Final answer:
The units of the spring constant k are N/m. The system of differential equations for the spring system is formed by substituting the value of k/m into the equation. The solution curve can be added to the direction field by plotting the values of y(t) at different time points.
Step-by-step explanation:
(a) The units of the spring constant k can be determined by analyzing the equation d²y/dt² + k/m y = 0. Since y is in meters and t is in seconds, the units of the left side of the equation must be in meters per second squared. Therefore, the units of the spring constant k are N/m (newtons per meter).
(b) If k/m = 4, we can form a system of differential equations for the spring system by substituting the value of k/m into the equation.
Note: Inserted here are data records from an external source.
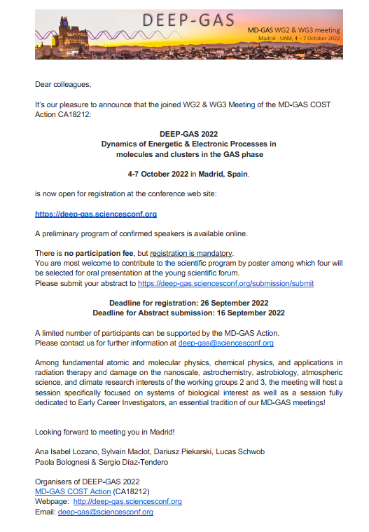 It’s our pleasure to announce that the joined WG2 & WG3 Meeting of the MD-GAS COST Action CA18212: DEEP-GAS 2022, Dynamics of Energetic & Electronic Processes in molecules and clusters in the GAS phase taking place 4-7 October 2022 in Madrid, Spain is now open for registration at the conference web site:
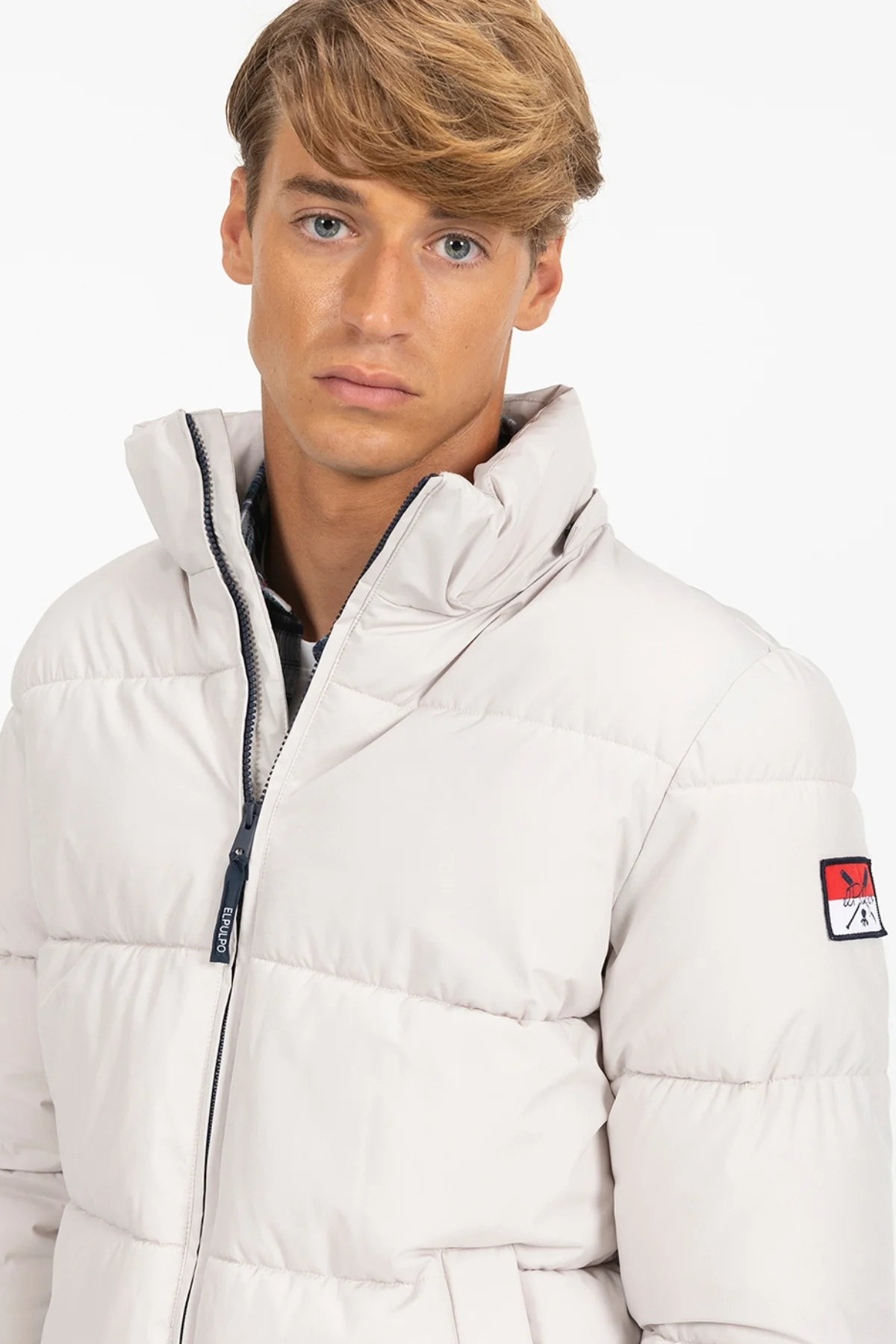 Plumífero corto para hombre en color blanco roto. Capucha desmontable con cordón regulador. Forro de poliéster al contraste y puños con ribs ocultos. Bolsillo interior. Print central en la capucha. Tirador personalizado.
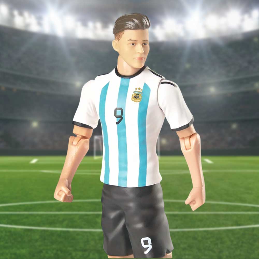 - Figura oficial de Banbo Toys: Representación fiel de Julián Álvarez con el uniforme de la Selección Argentina, ideal para fans y coleccionistas.

The equation becomes d²y/dt² + 4y = 0. This represents a simple harmonic motion in which the acceleration is proportional to the displacement.
(c) To add the solution curve to the direction field, we need to find the general solution of the differential equation d²y/dt² + 4y = 0. The general solution is y(t) = A*cos(2t) + B*sin(2t), where A and B are constants determined by the initial conditions. Using the given initial condition, y(0) = 0.5, we find that A = 0.5. The solution curve can be added to the direction field by plotting the values of y(t) at different time points.
(d) Given the initial condition that the mass is at rest with an initial velocity of -0.2 m/s, we need to find the solution of the differential equation d²y/dt² + 4y = 0 that satisfies this condition. The solution is y(t) = -0.1*cos(2t) + 0.5*sin(2t), where the constants are determined by the initial condition.